Wann immer ich Antworten auf essentielle Fragen suchte, konnte ich mich nicht mit Niedergeschriebenem oder Gepredigtem zufrieden geben. Es lag schon früh in meiner Kindheit begründet, Autoritäten anzuzweifeln, ja, kritisch zu betrachten, was mir die ein oder andere Schwierigkeit im Leben einbrachte.
Als Jugendlicher verspürte ich immer den Drang, andere Wege zu gehen. Vielleicht zum einen, um mich abzugrenzen vom Herkömmlichen und zum anderen, weil ein gewisser Pioniergeist in mir wohnt, der mich von Zeit zu Zeit seltsame Wege, ja, ganze Reisen unternehmen lässt.
Lehrbücher oder Lehrer konnten mir nichts beibringen. Tatsächlich gehe ich soweit, zu behaupten, dass nirgendwo zu keiner Zeit auf der Welt, irgendwer irgendwem was beigebracht hat. Jeder tut das selbst. Der Lehrer/das Lehrbuch sind nur die Medien dazu!
Ich musste die Dinge immer selbst in Erfahrung bringen, selbst erleben. Einfach adaptiertes Wissen war und ist mir ein Gräuel.

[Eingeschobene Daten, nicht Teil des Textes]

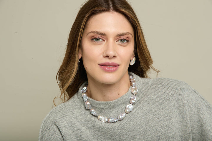 Decus Large Grey Cultured Freshwater Baroque Pearl Necklace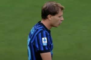 DAZN对那一刻的描述是:“比赛一开始,国米就控制了球权,巴雷拉获得了第一个机会,他打得非常好,但差了几厘米。23号愤怒了一下,然后抬头看向天空抱怨说:‘我真是倒霉透顶了。’”

Natürlich nahm ich hierzu Lehrbücher und Lehrer zu Rate, aber viel bedeutender und tief greifender war für mich die Beobachtung und direkte Erfahrung meiner Umwelt. Und hierin war ich kompromisslos. Jede Antwort die ich in der Außenwelt fand, schickte ich auf Reisen durch mein Jahrmillionen altes Steuerzentrum, glich sie wieder und immer wieder mit Vergleichspunkten ab, verband sie assoziativ mit anderen Gedankensträngen, suchte Essenzen zur Reduzierung auf das Wesentliche ohne trübende Begleitelemente, manchmal in einem Jahre andauernden Prozess, bei dem immer wieder neue Informationen eindrangen, die in die jeweilige Betrachtungsweise miteinbezogen werden mussten. Wenn man drüber nachdenkt, ein unglaublich komplizierter Prozess.

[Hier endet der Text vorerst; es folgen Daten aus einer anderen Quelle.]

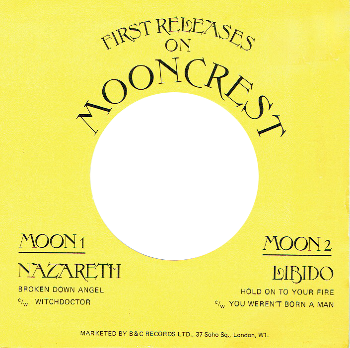 Most singles seem to have been released in plain black sleeves, no company sleeves or picture sleeves other than the first 2-3 singles, which were issued in a yellow Mooncrest sleeve advertising MOON 1 and MOON 2 (Nazareth and Libido). It’s possible this sleeve was used for additional, later releases until the label was established.

Dieser Prozess findet im Stillen statt.
Wenn ihr ganz leise seid, innerlich ruhig, eure Aufmerksamkeit nur auf euren innersten Punkt richtet, könnt ihr ihn hören! Und aufgeschlossene können ihn sehen, ja fühlen. Er brummt ständig in euch, bringt euer Rückgrat vom Steiß bis zur Schädeldecke zum schwingen.

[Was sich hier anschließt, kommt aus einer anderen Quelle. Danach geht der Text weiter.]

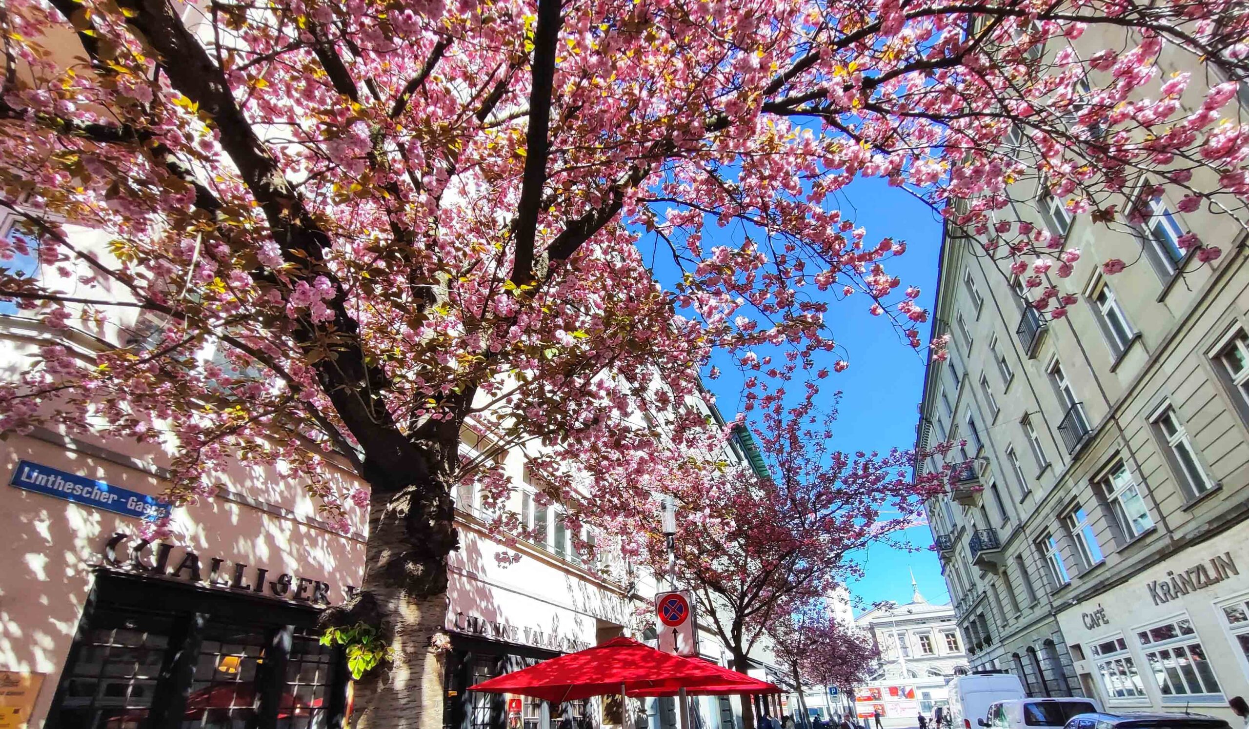 Die Zürcher Linthescher-Gasse blüht. In hellem Rosa leuchten die Kirschen auf der westlichen Strassenseite. In Japan feiert man um diese Zeit, zu der die Kirschblütenfront Tokio erreicht, das Blumenfest «Hana Matsuri» oder auch «Kan Butsu E» – zu Ehren eines besonderen Geburtstags.

Und sieht man zu und hört hin, lernt man diesen Prozess immer mehr verstehen.
Aber halt! Dazu müsst ihr euren Verstand hin und wieder für eine Weile ausschalten. Ihr habt im Laufe der Jahre zu viele Filter eingebaut, die lassen nicht alles durch!
Wie das gehen soll? Den Verstand auszuschalten? Und bin ich dann nicht etwa verrückt?
Oh doch! Und ob ihr das seid, wenn die Filter weg sind! Aber doch nur dann, wenn der Verstand mal wieder rebelliert und sagt:
"Stopp! Alle Konzepte müssen erhalten werden, wie sie bekannt gemacht wurden! Keiner springt über die Mauer! Wachen!!!! Haltet den Geist! Er will ausbrechen! Sich befreien! WAHNSINN!!!!!!"
Denn der Verstand ist direkt mit unserem Ego verbunden, dessen erbärmlichen Tanz ich an anderer Stelle schon mal erwähnte. Lösen sich die Grenzen unseres Verstandes, lösen sich auch die Grenzen unseres Egos auf, das ohne Richtlinie, ohne Halt, ohne Rahmen, ohne Form somit sein Dasein auslöscht. Beide kämpfen wie besessen für ihre Idee von einer Realität. Sie nähren und stützen sich gegenseitig mit sich selbstrechtfertigenden Argumenten, gegenseitigem Bauchpinseln. Das Ego erklärt sich für das Maß der Dinge, weil es den Tanz bestimmt. Der Verstand, weil er das Tempo bestimmt.
Erst das Ausschalten des rationalen Verstandes, das Auflösen der Ego-Spiele führt zu wahrer, ungefilterter und ganzheitlicher Wahrnehmung.
Was ich hier schreibe ist gar nichts Neues. Ganz im Gegenteil: darauf beruht jede Meditationsform, alle sonstigen Arten der Kontemplation, jede andere Bewusstseinsreise.
Denn wir Menschen sind nun mal in der Lage unser Bewusstsein zu verändern, wir haben Millionen Mittel und Wege dazu entwickelt. Ich behaupte sogar: wir sind dazu bestimmt!
Doch tun wir’s?
Wenige tun es! Zumindest bewusst. Dieser in jedem wohnende Prozess verläuft bei den meisten nämlich im Hintergrund. Und diesen kann man ganz schnell klar machen, dass jedes Verlassen des Verstandes-Highways grundsätzlich krank, ja gefährlich sein muss.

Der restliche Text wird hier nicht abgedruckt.